«Fue esta imagen la que por encima de todas se nos quedó grabada en la retina. A partir de ese momento Claudia Cardinale entraría a formar parte de nuestro universo de fetiches femeninos, junto a Marilyn Monroe, Raquel Welch y Sofía Loren»
POR VÍCTOR AYLLÓN
Huétor Tájar
Lunes, 3 de febrero 2020
Colocaron el cartel en la cristalera de la fachada. ¡Por fin!, nos dijimos. Llevábamos semanas esperándola. Habíamos examinado con detalle cada fotograma que se exhibía en el vestíbulo: el primer plano de Charles Bronson con la armónica, el tiroteo en la estación de ferrocarril, el hombre colgado de la horca, la dura mirada de Henry Fonda, las llanuras del Monument Valley, y el descote de Claudia Cardinale que, en palabras de Luis Pereda, el más cinéfilo de los amigos, lucía una blusa «abierta al mundo». Fue esta imagen la que por encima de todas se nos quedó grabada en la retina. A partir de ese momento Claudia Cardinale entraría a formar parte de nuestro universo de fetiches femeninos, junto a Marilyn Monroe, Raquel Welch y Sofía Loren.
Hace poco la pusieron de nuevo. He perdido la cuenta de las veces que la he visto. Aunque verla por la tele es algo terrible, insufrible. ¡No se puede hacer un corte publicitario en el duelo final, en el cruce de miradas más glorioso del cine! Frank (Henry Fonda) y Armónica (Charles Bronson) hieráticos bajo el ardiente sol de Arizona; sus rostros amartillados por el polvo rojizo del desierto, la árida tierra de los navajos.

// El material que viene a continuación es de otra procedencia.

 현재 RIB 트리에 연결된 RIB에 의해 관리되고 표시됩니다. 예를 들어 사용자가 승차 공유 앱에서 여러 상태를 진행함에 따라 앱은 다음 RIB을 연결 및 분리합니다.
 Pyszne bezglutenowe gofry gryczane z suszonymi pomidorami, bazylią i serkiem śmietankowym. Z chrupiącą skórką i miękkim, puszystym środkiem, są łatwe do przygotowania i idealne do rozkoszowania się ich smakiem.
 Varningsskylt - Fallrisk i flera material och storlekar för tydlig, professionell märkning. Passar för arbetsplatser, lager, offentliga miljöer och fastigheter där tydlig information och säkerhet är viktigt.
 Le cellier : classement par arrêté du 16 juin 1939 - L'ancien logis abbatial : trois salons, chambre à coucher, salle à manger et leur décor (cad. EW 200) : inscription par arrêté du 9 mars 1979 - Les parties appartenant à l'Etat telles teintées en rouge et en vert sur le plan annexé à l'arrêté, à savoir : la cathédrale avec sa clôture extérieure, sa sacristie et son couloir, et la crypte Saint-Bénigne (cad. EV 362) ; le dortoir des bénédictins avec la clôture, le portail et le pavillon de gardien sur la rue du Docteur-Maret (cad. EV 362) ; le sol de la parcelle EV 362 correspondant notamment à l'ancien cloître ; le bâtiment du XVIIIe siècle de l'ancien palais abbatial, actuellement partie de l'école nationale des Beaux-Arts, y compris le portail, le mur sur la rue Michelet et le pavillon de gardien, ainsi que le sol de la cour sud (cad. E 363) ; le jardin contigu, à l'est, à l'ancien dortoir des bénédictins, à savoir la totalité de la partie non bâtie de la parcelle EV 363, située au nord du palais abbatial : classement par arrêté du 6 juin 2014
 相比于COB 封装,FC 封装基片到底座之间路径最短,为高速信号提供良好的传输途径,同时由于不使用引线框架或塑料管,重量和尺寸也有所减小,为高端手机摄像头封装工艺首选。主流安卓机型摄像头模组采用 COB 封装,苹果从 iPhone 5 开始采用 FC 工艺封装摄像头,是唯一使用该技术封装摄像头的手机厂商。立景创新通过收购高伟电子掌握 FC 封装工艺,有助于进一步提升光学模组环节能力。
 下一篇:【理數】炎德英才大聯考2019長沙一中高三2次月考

Ojos profundos y claros que se clavan como dagas; miradas desafiantes, magnificadas entre imágenes a cámara lenta de un pasado remoto en el que un niño aguanta sobre sus débiles hombros el peso de un hombre a punto de perecer en la horca. Y luego, el disparo. La detonación fulminante que silencia por un momento la banda sonora de Ennio Morricone, una melodía intensa, épica, absorbente, que arrastra la historia y que enciende y embellece cada uno de los planos. Primeros planos de rostros, de miradas, de pistolas, de silencios. Y de venganza. Una venganza carnal, restauradora. Figuras recortadas contra el horizonte, por donde emergen como gigantes las mágicas rocas del Monument Valley.
Hasta que llegó su hora refleja un mundo despiadado en el que el futuro se abre paso lentamente, al mismo ritmo que un enjambre de obreros coloca una a una las traviesas del ferrocarril. Un nuevo tiempo que asoma a través de los raíles y de los ojos profundos de Jill (Claudia Cardinale). Ella seduce a la cámara y sacia la sed de los hombres. Ella sola es capaz de cambiar el mundo.

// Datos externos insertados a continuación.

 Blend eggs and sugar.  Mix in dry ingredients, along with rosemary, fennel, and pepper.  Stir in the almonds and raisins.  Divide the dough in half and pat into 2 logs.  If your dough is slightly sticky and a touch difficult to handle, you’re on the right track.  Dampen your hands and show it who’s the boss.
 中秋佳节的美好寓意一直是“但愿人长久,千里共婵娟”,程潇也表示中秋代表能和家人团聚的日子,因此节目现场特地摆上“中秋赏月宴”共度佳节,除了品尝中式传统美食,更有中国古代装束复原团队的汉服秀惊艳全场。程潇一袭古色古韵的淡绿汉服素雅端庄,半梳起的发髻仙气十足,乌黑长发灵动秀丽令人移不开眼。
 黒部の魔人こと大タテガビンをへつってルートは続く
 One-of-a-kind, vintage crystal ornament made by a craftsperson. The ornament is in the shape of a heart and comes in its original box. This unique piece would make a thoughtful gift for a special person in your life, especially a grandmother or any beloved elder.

Y Luis Pereda y los otros volvimos al cine Garsán, como hace mil años. Y sacamos la entrada en la taquilla y traspasamos la puerta de madera y se la entregamos a Ramón, que nos recortó un trocito y nos dejó pasar con su expresión inmutable. Y luego enfilamos por el pasillo flanqueado de carteles y fotogramas de las próximas películas. Y compramos a Morón un cartucho de pipas y una peseta de regaliz. Y nos adentramos en la sala y nos sentamos en las butacas y vimos encenderse las luces de colores que acordonaban la pantalla y la nube de molduras luminosas que resplandecían en el techo. Y luego vimos la montaña coronada de estrellas rutilantes de la Paramount Pictures y se nos abrió una sonrisa cándida y limpia.